Roubini sat down with Yahoo Finance to discuss some of these dangers and how they might play out.
Mounting geopolitical risks
One of the biggest surprises of 2014 is that geopolitical risks haven’t hurt markets. Roubini believes this is because central banks have been suppressing volatility, and while some banks will continue with this into 2015 the Federal Reserve and Bank of England are expected to exit their zero policy rates next year. Roubini sees conflicts becoming more exacerbated.
“So far the impacts are more economic than financial,” he explains. “The conflict between Russia and Ukraine is affecting growth and exports in Germany and throughout Europe.
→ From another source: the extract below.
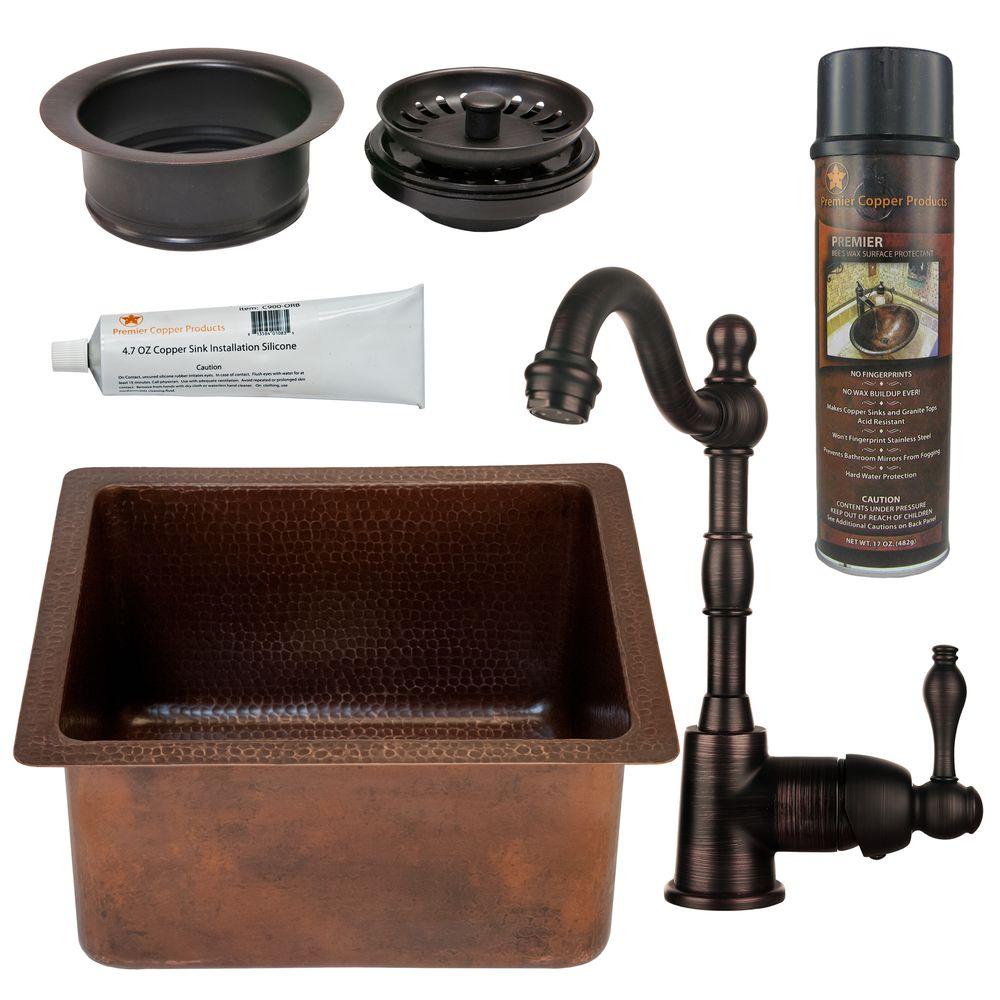 <p>Create a focal point for your bar or prep area as refreshing as the cocktails you will be preparing with a bar or prep sink from Premier Copper Products. Designed to suit your specific needs and style, handcrafted from pure copper by our skilled artisans, and built to last a lifetime, a bar or prep sink is the ultimate way to entertain and cook in style.</p><p><b>PACKAGE INCLUDES:</b></p><ul><li>16" Gourmet Rectangle Hammered Copper Bar/Prep Sink w/ 3.5" Drain Size (BREC16DB)</li><li>Faucet - Oil Rubbed Bronze (B-BV01ORB)</li><li>3.5"" Deluxe Garbage Disposal Drain w/ Basket - Oil Rubbed Bronze (D-130ORB)</li><li>Copper Sink Wax (W900-WAX)</li><li>Copper Sink Installation Silicone (C900-ORB)</li></ul><p><b>SINK PRODUCT DETAILS:</b></p><ul><li>Configuration: Rectangle</li><li>Design: Hammered Copper Surface</li><li>Color: Oil Rubbed Bronze</li><li>Outer Dimension: 16" x 14" x 8"</li><li>Inner Dimension: 14" x 12" x 8"</li><li>Installation Type: Under Counter or Surface-Mount</li><li>Rim: 1" Flat Rim</li><li>Countertop Depth Minimum: 17" Front to Back</li><li>Material Gauge: Industry Best (14 Gauge or .0625")</li><li>Drain Size: 3.5"</li><li>Faucet Mounting: Counter Deck Mount</li></ul><p><i>IMPORTANT NOTE: DUE TO THE HANDCRAFTED NATURE OF THIS PRODUCT SMALL VARIANCES IN SIZE AND COLOR MAY OCCUR.</i></p><p><b>FAUCET PRODUCT DETAILS:</b></p><ul><li>Overall Height: 11"</li><li>Spout Height: 8.25"</li><li>Spout Reach: 6"</li><li>Spout Swivel: 360 Degrees </li><li>Maximum Deck Thickness: 1.75"</li><li>Mounting Shank Length: 2"</li><li>Faucet Weight: 4.6 LBS</li><li>Flow Rate: 1.2 GPM @ 60 PSI</li><li>Valve Type: Ceramic Disc</li><li>Installation Type: Deck-Mount</li></ul><p><b>DRAIN PRODUCT DETAILS:</b></p><ul><li>Design: Deluxe Style w/ Strainer Basket</li><li>Outer Dimension: 4.5"</li><li>Inner Dimension: 3.5"</li><li>Material: Brass</li><li>Drain Size: 3.5"</li></ul>

You don’t yet see the financial impact but you can see the real economic impact.”
Roubini believes that Putin’s popularity remains strong but that eventually the combination of sanctions inflicted on the country for its actions in Ukraine and abroad and lowering oil prices will pull Russia into a recession. This recession could lead the country to become more moderate and comply with the west and Saudi Arabia or it could drive them into an even more aggressive stance against the West. “It’s not clear what Putin’s reaction is going to be,” he says.
Beyond Russia and the Ukraine, Roubini is fearful of Ebola and cyber attacks leading to cyber wars.
China’s hard landing
“To one side there is an extreme hard landing where China’s growth slows to 3 or 4% and then there is the soft landing of the government consensus,” says Roubini. “Our view is more of a bumpy, rough landing where growth slows down to about 6% and below 6% by 2016.”
The landing Roubini predicts isn’t hard per say but it still has large implications for China, commodities, equities in Asia and for emerging markets. “When China sneezes the rest of the world catches a cold at this point,” he says.
Roubini predicts that global growth will increase slightly next year. He sees growth in developed economies mediocre but within emerging markets things will be very stratified—some will remain fragile (China and much of Asia), but others will do very well. “Those that are benefiting from being importers and those that aren’t linked to China and instead to the United States,” he says. He singles out India, Indonesia and Mexico as nations that will see vast growth.